* **TASK TO CARRY OUT**
Your copy should hold only the lines from the one with "mobile bar semicircolare" to the one with "PANERAI(パネライ)P", both included, each exactly as it stands below, with no pictures.

* **DATASET ENTRIES**

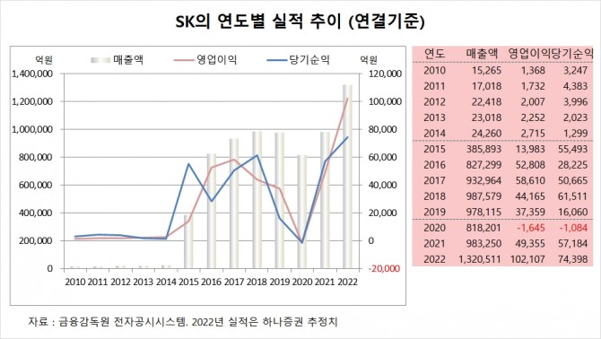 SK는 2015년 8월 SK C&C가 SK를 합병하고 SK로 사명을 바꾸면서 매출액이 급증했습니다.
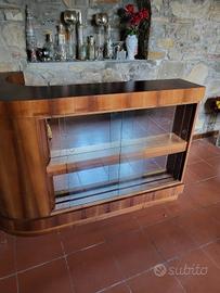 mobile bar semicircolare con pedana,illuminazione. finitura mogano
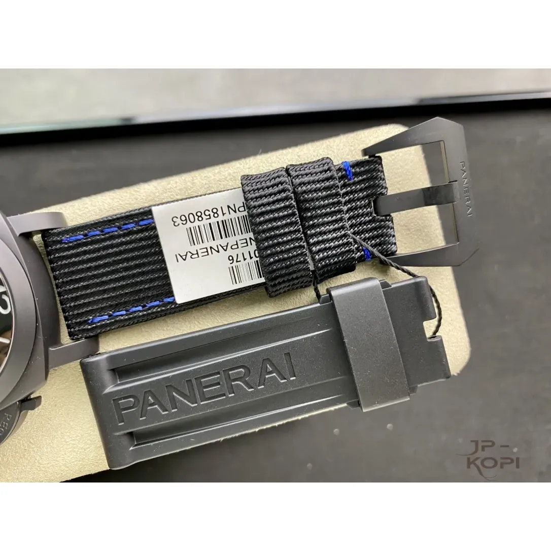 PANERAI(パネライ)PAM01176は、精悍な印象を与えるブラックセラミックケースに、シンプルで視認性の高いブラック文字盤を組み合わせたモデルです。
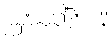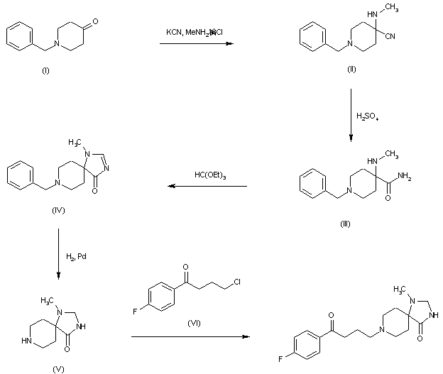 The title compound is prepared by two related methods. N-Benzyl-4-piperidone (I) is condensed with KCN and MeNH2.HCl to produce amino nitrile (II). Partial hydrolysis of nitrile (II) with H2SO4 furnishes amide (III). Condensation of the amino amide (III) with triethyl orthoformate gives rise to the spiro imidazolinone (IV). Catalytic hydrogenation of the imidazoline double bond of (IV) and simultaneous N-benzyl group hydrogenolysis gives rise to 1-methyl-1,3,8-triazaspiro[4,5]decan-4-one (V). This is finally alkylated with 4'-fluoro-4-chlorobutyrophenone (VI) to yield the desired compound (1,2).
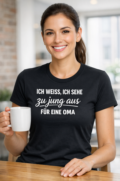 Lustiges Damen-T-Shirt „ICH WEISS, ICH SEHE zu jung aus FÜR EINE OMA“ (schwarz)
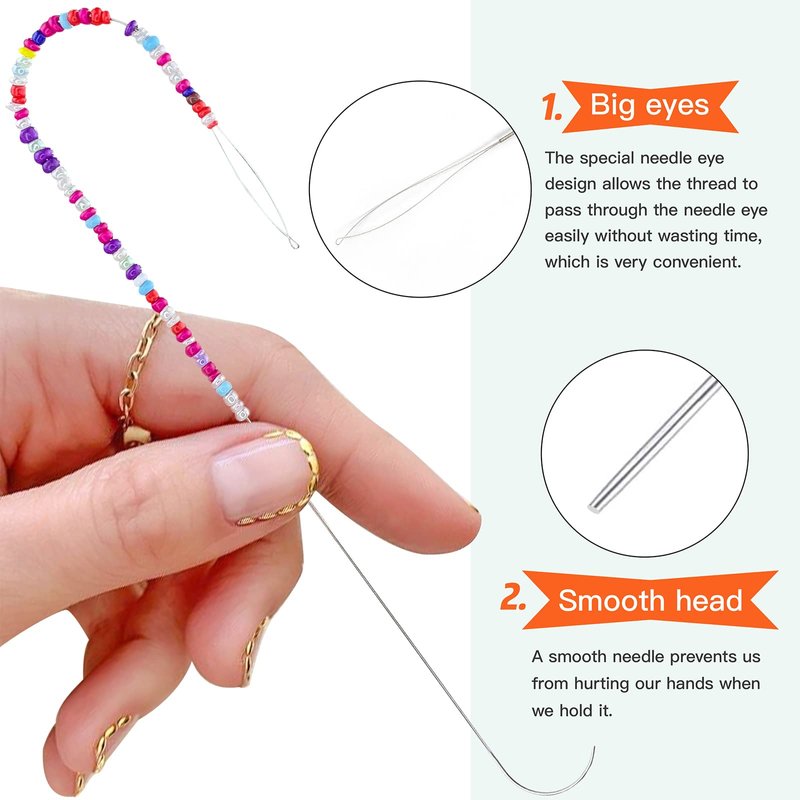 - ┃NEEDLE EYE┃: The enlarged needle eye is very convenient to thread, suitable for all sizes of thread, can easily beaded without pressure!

--

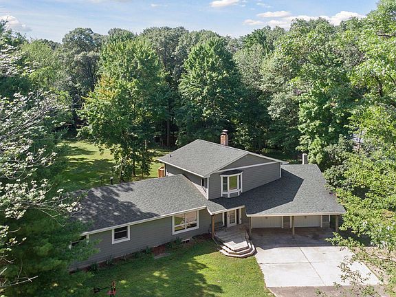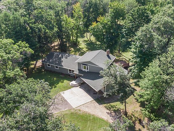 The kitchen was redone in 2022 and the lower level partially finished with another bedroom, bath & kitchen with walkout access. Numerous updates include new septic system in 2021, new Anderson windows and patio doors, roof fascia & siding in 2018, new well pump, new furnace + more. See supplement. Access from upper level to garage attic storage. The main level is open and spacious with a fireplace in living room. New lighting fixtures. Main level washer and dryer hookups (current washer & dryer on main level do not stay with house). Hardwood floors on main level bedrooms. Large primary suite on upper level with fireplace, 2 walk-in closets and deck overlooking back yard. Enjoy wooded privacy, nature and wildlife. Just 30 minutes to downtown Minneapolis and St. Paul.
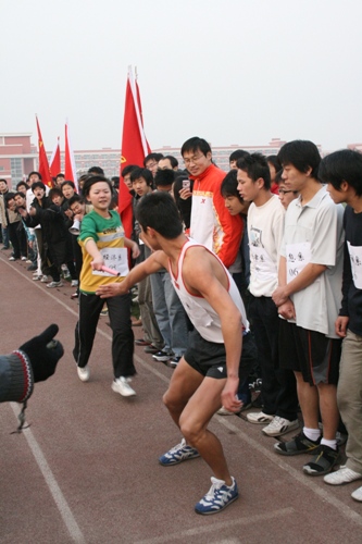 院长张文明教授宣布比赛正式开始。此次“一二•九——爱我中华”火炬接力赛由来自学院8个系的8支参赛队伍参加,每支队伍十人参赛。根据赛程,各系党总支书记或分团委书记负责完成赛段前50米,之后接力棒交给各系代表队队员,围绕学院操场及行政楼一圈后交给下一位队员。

* **ANSWER TO THIS EXERCISE**
 mobile bar semicircolare con pedana,illuminazione. finitura mogano
 PANERAI(パネライ)PAM01176は、精悍な印象を与えるブラックセラミックケースに、シンプルで視認性の高いブラック文字盤を組み合わせたモデルです。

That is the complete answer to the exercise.